Why would American hotel workers, electricians, teachers, construction workers and a host of transportation workers unite against a foreign airline’s attempt to expand service to the U.S.? The answer: This particular airline is using the same race-to-the bottom tactics deployed by global corporations that have left a bad taste in the mouth of just about every American who works hard for a living.
The scheme by Norwegian Air International (NAI), to grow its transatlantic operations in violation of international obligations and contrary to U.S. law, has triggered a backlash from more than 20 unions representing millions of workers across the country.
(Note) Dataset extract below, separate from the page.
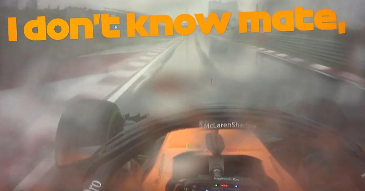 Фернандо: Думаю, нам надо остаться в гараж и следить за условиями. Мы можем ехать на дождевой резине, но будем медленнее на 25 секунд — а нам нужно улучшить 11-ю позицию.
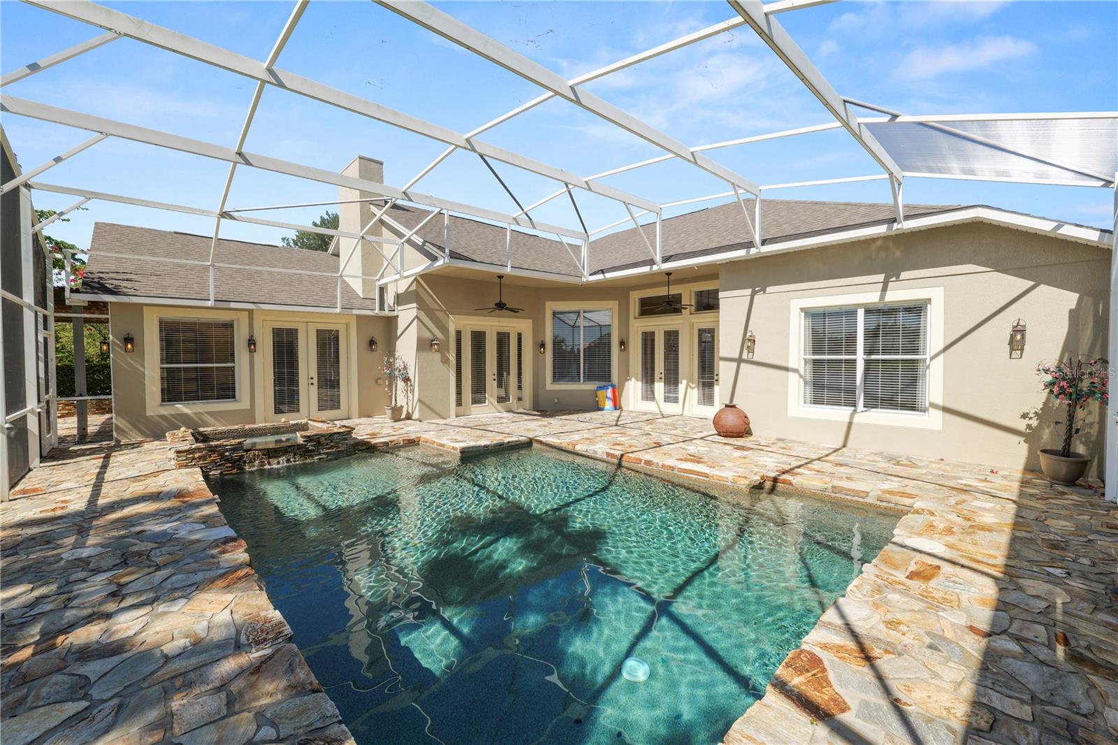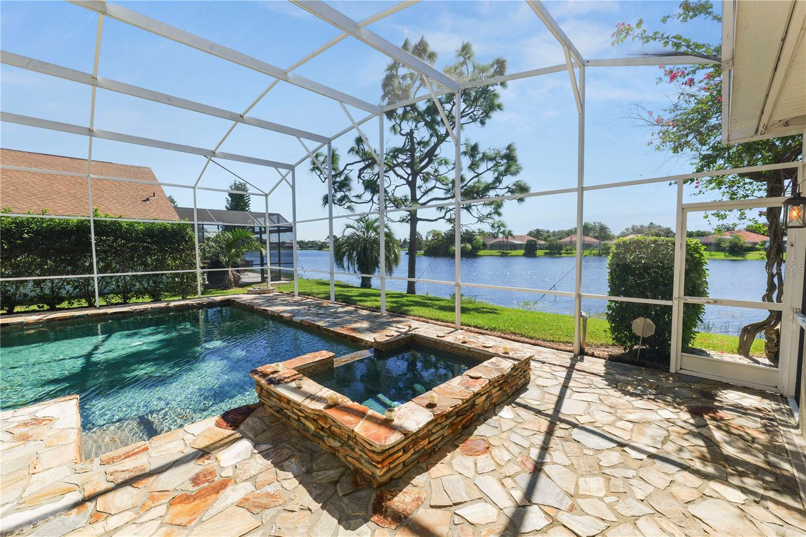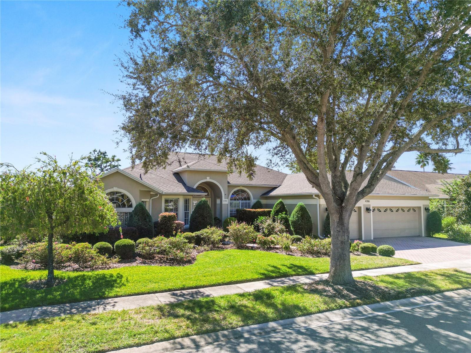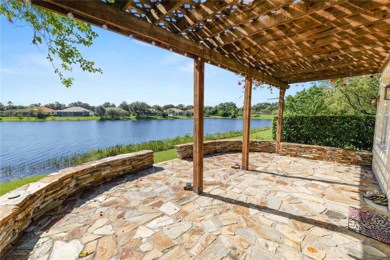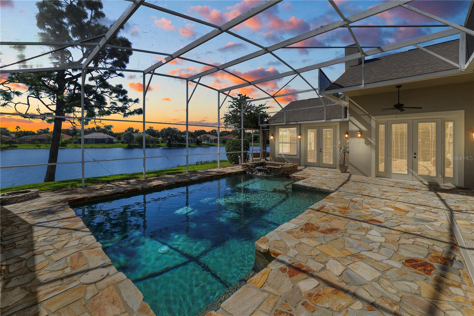 Under contract-accepting backup offers. This lakefront Calabay Cove property has manicured grounds with gorgeous flower gardens in the front and a sparkling pool overlooking the serene waters of Lake Calabay. The 4/5-bedroom home is just as beautiful inside, with tile/wood floors, high ceilings, crown molding and large windows – which let in lots of natural light & showcase the water views. French doors in master bedroom, living room, family room and game room give you easy access to the pool and pergola areas. Just off the foyer, you’ll find the 5th bedroom or use as a dedicated home office, formal living room with French doors accessing the pool area and a formal dining area. At the rear of the floorplan, the family room is open to the kitchen and includes a wood burning fireplace and custom built-ins. The kitchen features shaker cabinetry, granite countertops, pro-style appliances, a center island and a breakfast nook. Just steps away, the backyard oasis includes a covered patio for entertaining, plus a completely screened-in pool & spa surrounded by a stone deck. Outside the enclosure, the pergola-covered patio is lined by another garden and provides a great spot to admire the lake. The back wing of the house has a BONUS recreation/game room with a dry bar and access to the patio and pergola. The spa-like master ensuite includes custom tilework, a double vanity, a soaking tub and a separate shower. Two guest rooms down the hall share an updated Jack & Jill bathroom with all the same high-end finishes found throughout the rest of the home. The laundry room off the 3-car garage also has granite countertops and tons of storage. Calabay Cove is a gated community with easy access to schools, parks, trailheads and highways. Plus, The Loop shopping mall, Publix and numerous dining options are all just 5 minutes from your front door. Less than 20 minutes to the theme parks, 25 minutes to the airport and 1 hr to the beach! Enjoy the most breathtaking sunrise and sunset from the pool and pergola areas. This lovely home's roof was replaced 10/22. Third car garage converted into a workshop with wall-mounted A/C. Pool table in game room remains with the property. Custom designed dinette set with bench also remain.

On April 1, this broad coalition called on U.S. Secretary of Transportation Anthony Foxx to reject NAI’s application for a foreign air carrier permit now pending before the U.S. Department of Transportation.
The controversy stems from NAI’s effort to register its aircraft in Ireland and hire Thailand-based flight crews through a Singaporean company so that it can scour the globe for the cheapest labor it can find and exploit. NAI may have thought it could slip under the radar, but the outcry against the airline’s Walmart-style strategy underscores a new determination in our movement to unify in the face of powerful business forces pressuring governments to do their bidding, The letter to Secretary Foxx pulls no punches in laying out why unions have coalesced against NAI’s expansion plans:
“As the representatives of unions that represent workers in several sectors of our economy we have seen first-hand the effects of un-checked globalization on the American workforce. Too often, poorly conceived and badly enforced free trade agreements have led to the offshoring of U.S. jobs. That is why U.S. industries that previously formed the backbone of our economy have seen dramatic job losses that have coincided with the erosion of the middle class.”
The signatories to the letter understand that while airline employees are the immediate target of Norwegian’s low-road ploy, workers across the breadth of the American and global economy face the same threat. By standing up to this airline scheme, the labor movement is sending a loud and clear message: with too many middle class jobs vanishing we will do battle with business schemes designed to destroy them.